Ничто не помогло! Ничто не помешало смерти войти в наши дома: ни бумажные кресты, ни затейливые узоры и картинки на стеклах, ни противогазы, тщательно проверенные, которые по сигналу воздушной тревоги мы немедленно открывали и приводили в положение «на товсь». Нам ни разу не пришлось надеть их, смерть не дохнула нам в лица удушающими газами, она просто вошла в каждого из нас как предельная слабость плоти, как грызущий голод, как постоянный ледяной озноб…

Вместо противогазов люди носили на лицах шерстяные маски и полумаски всех цветов, у кого какая — или вязаная гарусная, или суконная тряпка нашлась. Красные, черные, зеленые, синие маски с узкими щелочками для глаз шли мне навстречу.

А резиновая маска из сумки противогаза давно уже была выброшена. В сумке помещался чаще всего «малый дистрофический набор»: одна-две полулитровые баночки, ложка, пища, если она была у человека.

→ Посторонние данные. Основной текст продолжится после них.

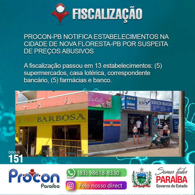PROCON-PB NOTIFICA ESTABELECIMENTOS NA CIDADE DE NOVA FLORESTA-PB POR SUSPEITA DE PREÇOS ABUSIVOS

Когда я вышла в дорогу, в противогазе моем была пустая баночка, бутылка с чаем и хлеб, хлеб — двести пятьдесят граммов хлеба!

И знала, что идти нужно будет долго. Надо дойти до завода Ленина, потом долго по Шлиссельбургскому. Надо будет даже перейти Неву, подняться на крутой правый берег. От Радиокомитета это примерно километров пятнадцать-семнадцать. Я очень истово собиралась в дорогу и вообще исполнена была какой-то странной истовости, удивительного спокойствия. Да нет, пожалуй, даже не спокойствия, а этакого мертвого безразличия, нет, вернее даже — неизведанной тихости, странной кротости. Я не была уверена, что дойду до отца, и решила не загадывать так далеко. Я решила: во время дороги буду ставить себе микрозадачи: вот сейчас я у этого фонарного столба. Надо дойти до следующего. Потом опять до следующего. Потом до Московского вокзала. А там видно будет! Надо переставлять ноги, не торопясь, никуда не спеша, стараясь идти по тропинке и не оступаясь в снег.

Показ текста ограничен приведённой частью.